Apple Shares Drop To The Lowest Point Since 2024, Due To A Reply Tariff From China

JAKARTA Apple's stock experienced a sharp decline after China imposed a return rate on the import rate policy announced by US President Donald Trump. This decline is the worst since June 2024, amplifying investors' concerns about rising iPhone prices and potential decline in sales in the future.

The trade tension between the United States and China is heating up again after Trump unilaterally set an import rate of 54% for goods from China. This move was then rewarded by Beijing by setting a rate of 34% for imported goods from the United States, including technology products that have been the backbone of US exports.

As a result of this mutual return policy, Apple's share price dropped drastically. If previously, on April 2, 2025, Apple's shares were still trading at 225.19 US dollars per share, then during the day New York time, April 4, the value had fallen to 195.63 US dollars. This is the first time Apple's shares have fallen below 200 US dollars since June 11, 2024.

In a statement on the Truth Social platform, Trump responded to China's reaction by calling Beijing's move "criminal." "China played in the wrong way, they panicked. That's one thing they couldn't do!" Trump, who was playing golf at the time, told reporters before his departure.

"It's like a big operation in a patient. We've never seen anything like this. The market will explode, the stock will soar, and the country will thrive," he added.

However, the views from outside the White House circle are very different. Economists even stated that Trump's tariff calculation formula was very wrong, had no clear basis, and ignored basic principles of international trade. Quoted from CNN, the 54% tariff imposed by the US is calculated by dividing the country's trade deficit against its exports to the US, then divided into two, and added the basic tariff by 10%.

According to Morgan Stanley's internal research records quoted by Apple Insider, the US tech industry will bear a tariff burden of 51 billion US dollars in the short term, with Apple taking about 33 billion US dollars out of that amount. This value does not include the potential additional cost of domestic manufacturing needs that may have to be increased in response to the tariff.

This condition raises new concerns that Apple, which has so far managed to stabilize iPhone prices, especially in the US and Chinese markets, now no longer has room to absorb such a large cost burden. If previously the company was able to keep retail prices the same even though production costs are increasing, now analysts estimate that the iPhone 17 will experience a significant price increase.

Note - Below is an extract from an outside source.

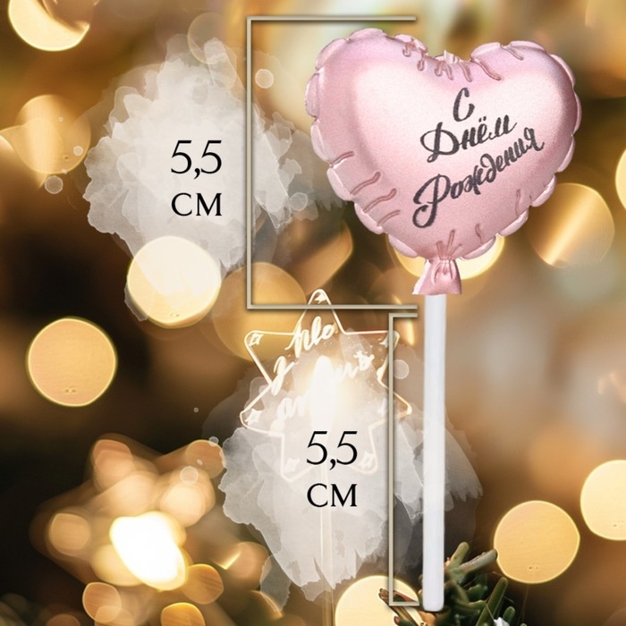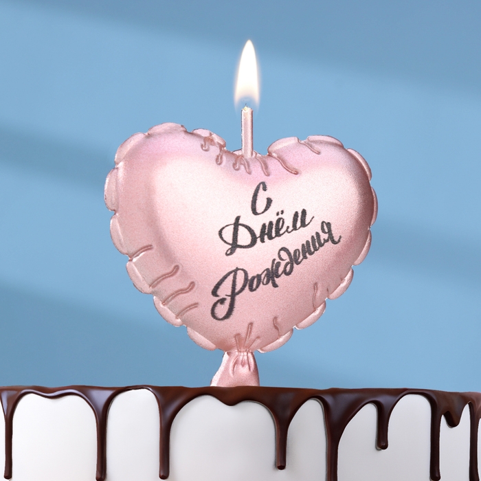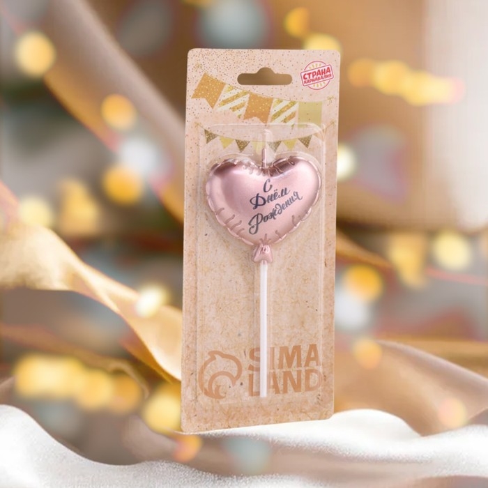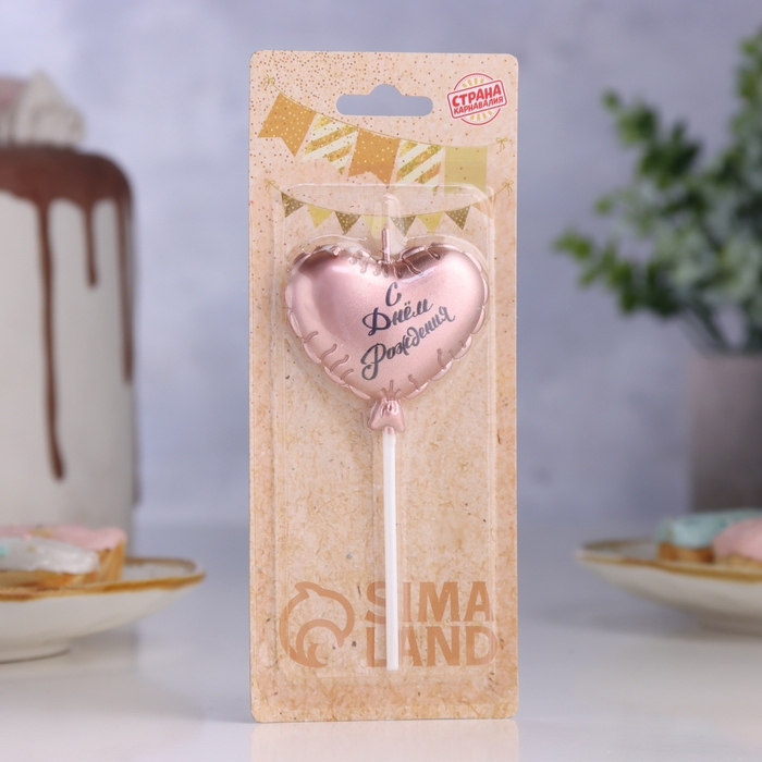 Свеча в торт "Воздушный шарик. Сердечко", 5,5 см. розовое золото

Not only that, Apple's supply chain which is very dependent on various countries also makes it very vulnerable to this policy. Even TSMC's chip factory in Arizona was affected, because it had to import rare metals to produce chips, which are now also subject to high tariffs.

Unlike previous crisis moments, such as when iPhone sales weakened in China in mid-2024 or during the COVID-19 pandemic, analysts have not suggested buying or selling Apple's shares. The highly volatile and complex situation has made big investors choose to wait for further policy directions from Washington and Beijing.

During his first term of office, Trump had given Apple a number of tariff exceptions after CEO Tim Cook took an intensive lobby. But so far, similar efforts have not paid off.

This condition is a major blow to Apple, which for the past two decades has been known as the most crisis-resistant company among tech giants. Now, even Apple seems unable to withstand a trade policy storm determined by international political and diplomatic factors.